- Data records -

○ ○ ○

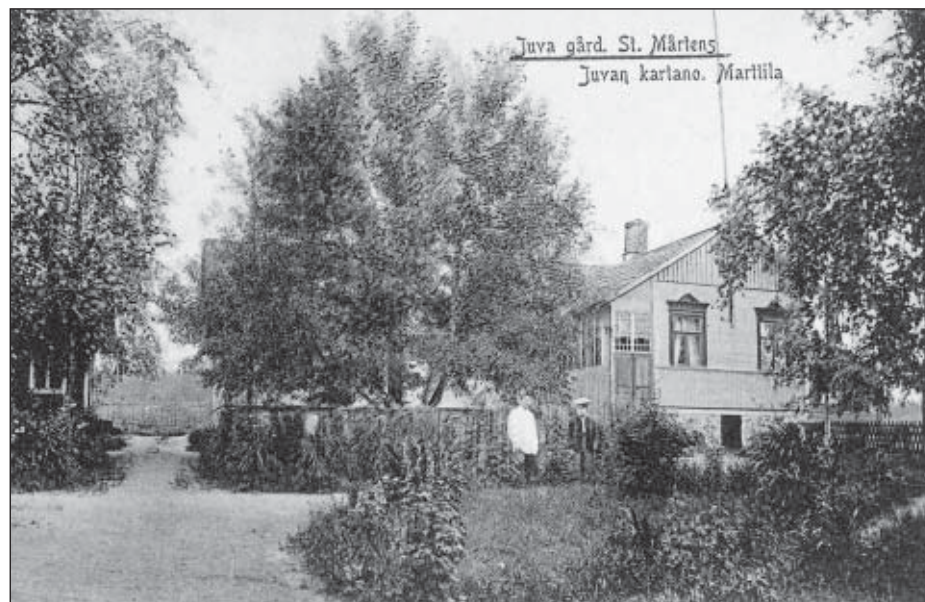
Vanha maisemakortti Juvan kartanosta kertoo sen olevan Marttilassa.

○ ○ ○

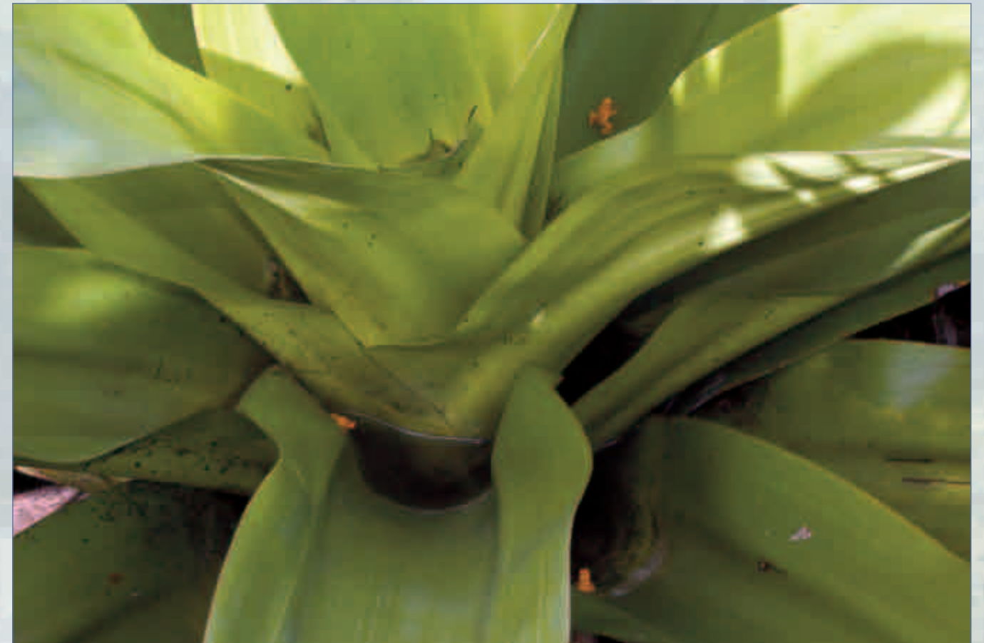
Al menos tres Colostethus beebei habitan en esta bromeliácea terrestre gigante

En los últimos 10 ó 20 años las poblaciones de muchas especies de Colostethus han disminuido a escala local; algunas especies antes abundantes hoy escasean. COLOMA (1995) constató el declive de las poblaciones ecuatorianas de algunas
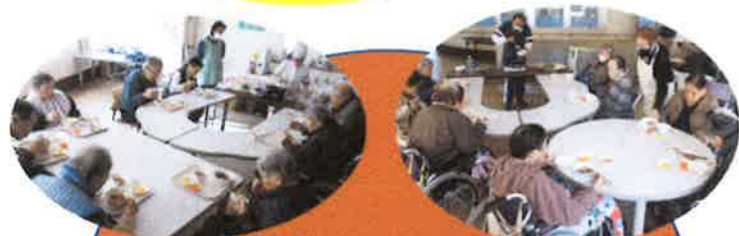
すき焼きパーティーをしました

○ ○ ○

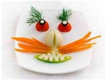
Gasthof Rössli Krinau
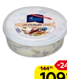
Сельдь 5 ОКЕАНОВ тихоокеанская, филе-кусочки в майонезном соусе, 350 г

○ ○ ○

- What the exercise asks -
Considering only the data above, return the lines in which "Colostethus" occurs.

- Reply -
Al menos tres Colostethus beebei habitan en esta bromeliácea terrestre gigante
En los últimos 10 ó 20 años las poblaciones de muchas especies de Colostethus han disminuido a escala local; algunas especies antes abundantes hoy escasean. COLOMA (1995) constató el declive de las poblaciones ecuatorianas de algunas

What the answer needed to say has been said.